Prospective pan-cancer germline testing using MSK-IMPACT informs clinical translation in 751 patients with pediatric solid tumors

Abstract

The spectrum of germline predisposition in pediatric cancer continues to be realized. Here we report 751 solid tumor patients who underwent prospective matched tumor-normal DNA sequencing and downstream clinical use (clinicaltrials.gov NCT01775072). Germline pathogenic and likely pathogenic (P/LP) variants were reported. One or more P/LP variants were found in 18% (138/751) of individuals when including variants in low, moderate, and high penetrance dominant or recessive genes, or 13% (99/751) in moderate and high penetrance dominant genes. 34% of high or moderate penetrance variants were unexpected based on the patient's diagnosis and previous history. 76% of patients with positive results completed a clinical genetics visit, and 21% had at least one relative undergo cascade testing as a result of this testing. Clinical actionability additionally included screening, risk reduction in relatives, reproductive use, and use of targeted therapies. Germline testing should be considered for all children with cancer.

Figure 1.

(A) Cancer types represented in the current study (blue) compared to the Annual International Childhood Cancer Classification (AICCC) distribution (red). Current study data is based on n=751 patients and shown with 95% confidence intervals. US census data (https://www.census.gov/quickfacts/fact/table/US/PST0452190) was used with AICCC data to calculate population percentages. (B) Germline P/LP variants and biallelic inactivation across 138 patients in the cohort. Bottom, the heat map shows the occurrence of germline P/LP variants across genes and cancer types. The color indicates the proportion of patients with a particular cancer type and germline alteration, and the number on the tiles indicate the absolute count. The total number of patients in the cohort for each of the cancer types is displayed on the left. Top, the absolute count of patients with biallelic inactivation in the genes shown on the x-axis. Biallelic inactivation includes loss of heterozygosity and second somatic hits.

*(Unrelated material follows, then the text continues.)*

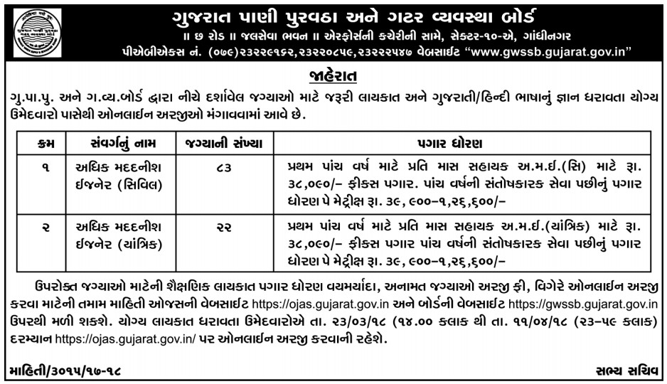 Gujarat Water Supply and Sewerage Board (GWSSB) has published the notification for recruitment for the post of Additional Assistant Engineer (Civil and Mechanical) Posts There are a total of 105 Vacancy in GWSSB Recruitment for 105 Additional Assistant Engineer (Civil and Mechanical) Posts 2018 (OJAS). has published Advertisement for below mentioned Posts 2018. Other Details like No.Of Posts, Educational Qualification, Age Limit, Selection Process, Application fee and How to Apply are given below. Must Read Official Advertisement than Apply for this Post.Best Of Luck. Thanks for Visit Gujarati Education

Patients for whom the allele status in tumor could not be assessed due to insufficient tumor purity, unavailability of sufficient tumor tissue, or low sequencing coverage in the tumor are indicated as indeterminate for biallelic inactivation.

Figure 2:

(A) Universal germline sequencing in 751 patients undergoing tumor-normal sequencing using MSK-IMPACT with tumor status of alternate allele if available, screening recommendations when indicated, cascade testing in relatives and examples of clinical translation. One family reported back undergoing IVF/PGT which resulted in a pregnancy and birth of a child unaffected with LFS. While using germline results in this manner was counseled on by the Clinical Genetics team, the number of families using this information for reproductive purposes was not systematically followed. Examples of clinical use of germline results. (B) A proband with embryonal rhabdomyosarcoma was detected to have a germline TP53 mutation which was subsequently found in her father through cascade testing. He was found through screening to have thyroid cancer and a meningioma. (C) A proband with a teratoma was found to have a germline PMS2 mutation and was started on immunotherapy. Cascade testing has not been performed in this family.